Nikos Chrisochoides is Full Professor and John Simon Guggenheim Fellow in Medicine and Health.

His research interests are in medical image computing and parallel and distributed scientific computing. Specifically, parallel mesh generation both theoretical and implementation aspects. His research is application-driven. Currently he is working on real-time mesh generation for biomedical applications like non-rigid registration for Image Guided Neurosurgery.

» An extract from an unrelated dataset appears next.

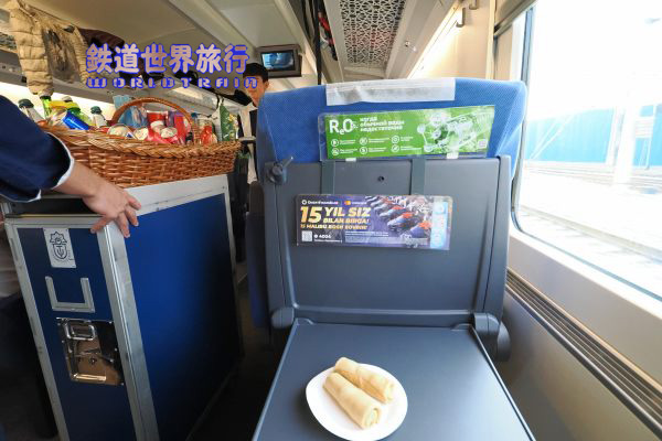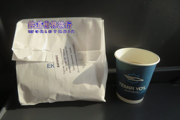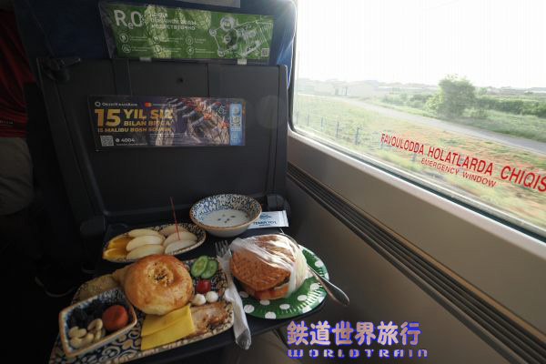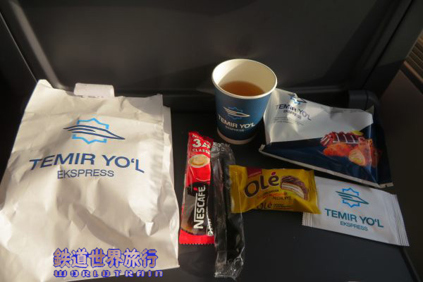 | 食事を待っている間に車内販売が来てクレープ状の物があったのが2つとエスプレッソで125,000S'omと言われ、高すぎると思い返した。 |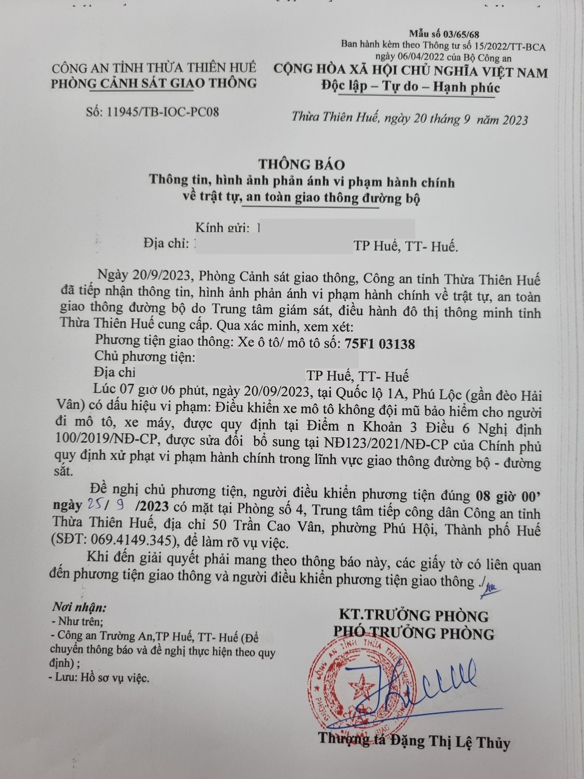 Phòng Cảnh sát giao thông đã gửi thông báo yêu cầu chủ phương tiện đến làm việc. Đồng thời, gửi thông báo đến Công an xã/phường/thị trấn (nơi thường trú của chủ phương tiện). Tuy nhiên, đến nay chủ phương tiện vẫn chưa đến làm việc theo yêu cầu. Phòng Cảnh sát giao thông sẽ tiếp tục thông báo cho lực lượng tuần tra kiểm soát trên đường phát hiện, xử lý.

Chrisochoides received his B.Sc. in Mathematics from Aristotle University, Greece and his M.Sc. (in Mathematics) and Ph.D. (in Computer Science) degrees from Purdue University. Then he moved to Northeast Parallel Architectures Center (NPAC) at Syracuse University as the Alex Nason Postdoctoral Fellow in Computational Sciences. After NPAC he worked in the Advanced Computing Research Institute, at Cornell University. He joined (as an Assistant Professor in January 1997) the Department of Computer Science and Engineering at the University of Notre Dame. In the Fall of 2000, he moved to the College of William and Mary as an Associate Professor and in 2004 he was awarded the Alumni Memorial Distinghuised Professorship. Chrisochoides has more than 120 technical pulications in parallel scientific computing.

He has held visting positions at Harvard Medical School (Spring 2005), MIT (Spring 2005), Brown (Fall 2004) and NASA/Langley (Summer 1994).